[NT] Unchecked Buffer in Windows Shell Could Enable System Compromise

From: support@securiteam.com
Date: 12/19/02

  • Next message: support@securiteam.com: "[NEWS] Arbitrary Price Manipulation in CartMan Shopping Software" 
    From: support@securiteam.com
To: list@securiteam.com
Date: 19 Dec 2002 18:03:54 +0200

    The following security advisory is sent to the securiteam mailing list, and can be found at the SecuriTeam web site: http://www.securiteam.com
    - - promotion

    Beyond Security would like to welcome Tiscali World Online
    to our service provider team.
    For more info on their service offering IP-Secure,
    please visit http://www.worldonline.co.za/services/work_ip.asp
    - - - - - - - - -

      Unchecked Buffer in Windows Shell Could Enable System Compromise
    ------------------------------------------------------------------------

    SUMMARY

    The Windows Shell is responsible for providing the basic framework of the
    Windows user interface experience.
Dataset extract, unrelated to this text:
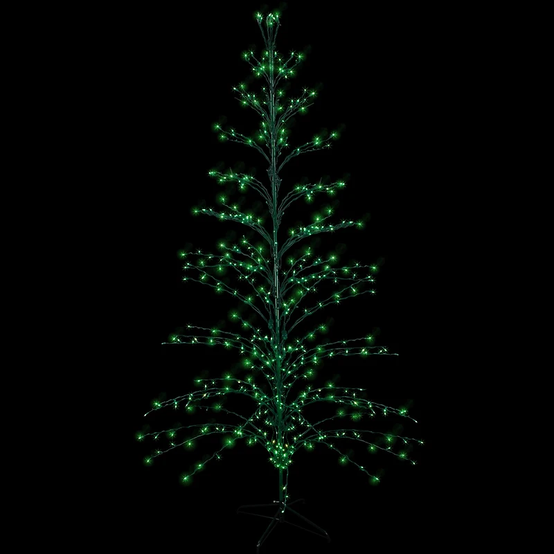 There is no need for stringing lights this Christmas if you bring in this pre-lit artificial Christmas tree for your festive decorations! It also eases the cleaning process after disassemble. As per the conventional way wrap the presents for your loved ones and store them beneath this tree décor.Tree Style:Medium cascade treeGreenMetal and wireDimensions:9 ft. tall46" baseLighting Information:Green500 lightsLighting features (EX.color changing, UL listed, extra bulbs/fuses)53" green lead cordFeatures:Green metal frame and standRust resistant coated wire4-piece easy assembly (including stand)Comes with replacement bulbs spare fuse and ground stakesRecommended for indoor use only
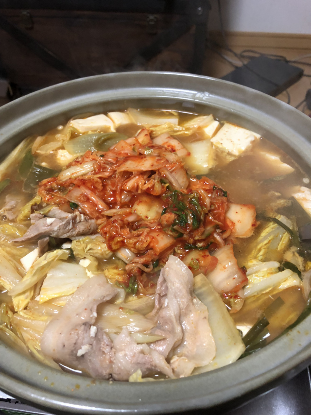 今回は、キムチ鍋にしました。

It is most familiar to users as the
    Windows Desktop, but also provides a variety of other functions to help
    define the user's computing session, including organizing files and
    folders, and providing the means to start applications.

    An unchecked buffer exists in one of the functions used by the Windows
    Shell to extract custom attribute information from audio files. A security
    vulnerability results because it is possible for a malicious user to mount
    a buffer overrun attack and attempt to exploit this flaw.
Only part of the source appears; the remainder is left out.